ENISA テレコムのセキュリティガイドラインと5G関連の補足版の公表

こんにちは、丸山満彦です。

ENISAがテレコムのセキュリティガイドライン(2014年の第2版からの改訂)と5G関連の補足版の公表を行っていますね。。。

テレコムのセキュリティガイドラインは、 EU各国の電気通信事業監督当局が、European Electronic Communications Code欧州電子通信法指令)のTITLE V SECURITY(第V款 安全性)Article 40 Security of networks and services(第40条 ネットワーク及びサービスの安全性)、Article 41 Implementation and enforcement(第41条 実装及び執行)に基づくセキュリティ監督を行う際に参考となる(法的拘束力のない)技術的ガイダンスということになります。 

5Gの補足版は、5Gネットワ​​ークのサイバーセキュリティに焦点を当てたものとして新規に開発されたものです。

 

● ENISA

・2020.12.10 (press) New Guidelines for Telecom and 5G Security

 

■ 参考情報

European Electronic Communications Code [HTML][PDF]

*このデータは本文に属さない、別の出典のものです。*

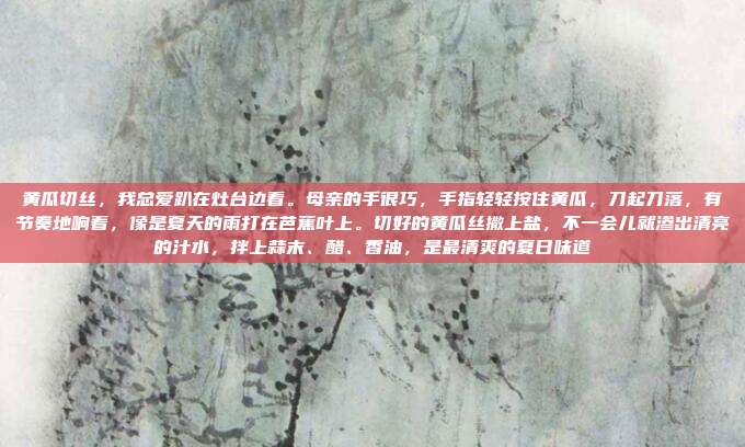 夜深了,厨房的灯还亮着,案板上,最后一根黄瓜在刀下绽开细丝,像月光洒在水面,抬手关灯时,忽然觉得,多年后,女儿或许也会记得这个画面——一个女人,站在厨房里,认真地为她切着黄瓜丝。

・[PDF] EECCの夏井先生による参考訳(法と情報雑誌第 4 巻第 2 号(2019 年 2 月))

 


EECC対応用セキュリティ対策に関するガイドライン

・2020.12.10 (pubulications)  Guideline on Security Measures under the EECC

・・[PDF

このガイドラインには、8つのセキュリティ領域に分類された29のハイレベルなセキュリティ目標が記載されていますね。

原文 仮訳
D1: GOVERNANCE AND RISK MANAGEMENT D1:ガバナンスとリスク管理
SO1: Information security policy SO1:情報セキュリティポリシー
SO2: Governance and risk management SO2:ガバナンスとリスク管理
SO3: Security roles and responsibilities SO3:セキュリティの役割と責任
SO4: Security of third party assets SO4:第三者の資産のセキュリティ
D2: HUMAN RESOURCES SECURITY D2:人的資源のセキュリティ
SO5: Background checks SO5:身元調査
SO6: Security knowledge and training SO6:セキュリティの知識とトレーニング
SO7: Personnel changes SO7:人事異動
SO8: Handling violations SO8:違反行為への対応
D3: SECURITY OF SYSTEMS AND FACILITIES D3:システムと施設のセキュリティ
SO9: Physical and environmental security SO9:物理的・環境的セキュリティ
SO10: Security of supplies SO10:サービス提供に関するセキュリティ
SO11: Access control to network and information systems SO11:ネットワークと情報システムのアクセス制御
SO12: Integrity of network and information systems SO12:ネットワークと情報システムの完全性
SO13: Use of encryption SO13:暗号の使用
SO14: Protection of security critical data SO14:セキュリティ上重要なデータの保護
D4: OPERATIONS MANAGEMENT D4:運用管理
SO15: Operational procedures SO15:運用手順
SO16: Change management SO16:変更管理
SO17: Asset management SO17:資産管理
D5: INCIDENT MANAGEMENT D5:インシデント管理
SO18: Incident management procedures SO18:インシデント管理手順
SO19: Incident detection capability SO19:インシデント検知能力
SO20: Incident reporting and communication SO20:インシデントの報告とコミュニケーション
D6: BUSINESS CONTINUITY MANAGEMENT D6:事業継続管理
SO21: Service continuity strategy and contingency plans SO21:サービス継続戦略と緊急時対応計画
SO22: Disaster recovery capabilities SO22:災害復旧能力
D7: MONITORING, AUDITING AND TESTING D7:モニタリング、監査、テスト
SO23: Monitoring and logging policies SO23:モニタリングとログ収集ポリシー
SO24: Exercise contingency plans SO24:緊急時対応計画の演習
SO25: Network and information systems testing SO25:ネットワークと情報システムのテスト
SO26: Security assessments SO26:セキュリティ評価
SO27: Compliance monitoring SO27:遵守状況のモニタリング
D8: THREAT AWARENESS D8:脅威に対する知見
SO28: Threat intelligence SO28:脅威インテリジェンス
SO29: Informing users about threats SO29:ユーザへの脅威情報の提供

さらに対策については、basic基本)、industry standard(業界標準)、state-of-the-art (最先端)の3つのランクが示されていますね。。。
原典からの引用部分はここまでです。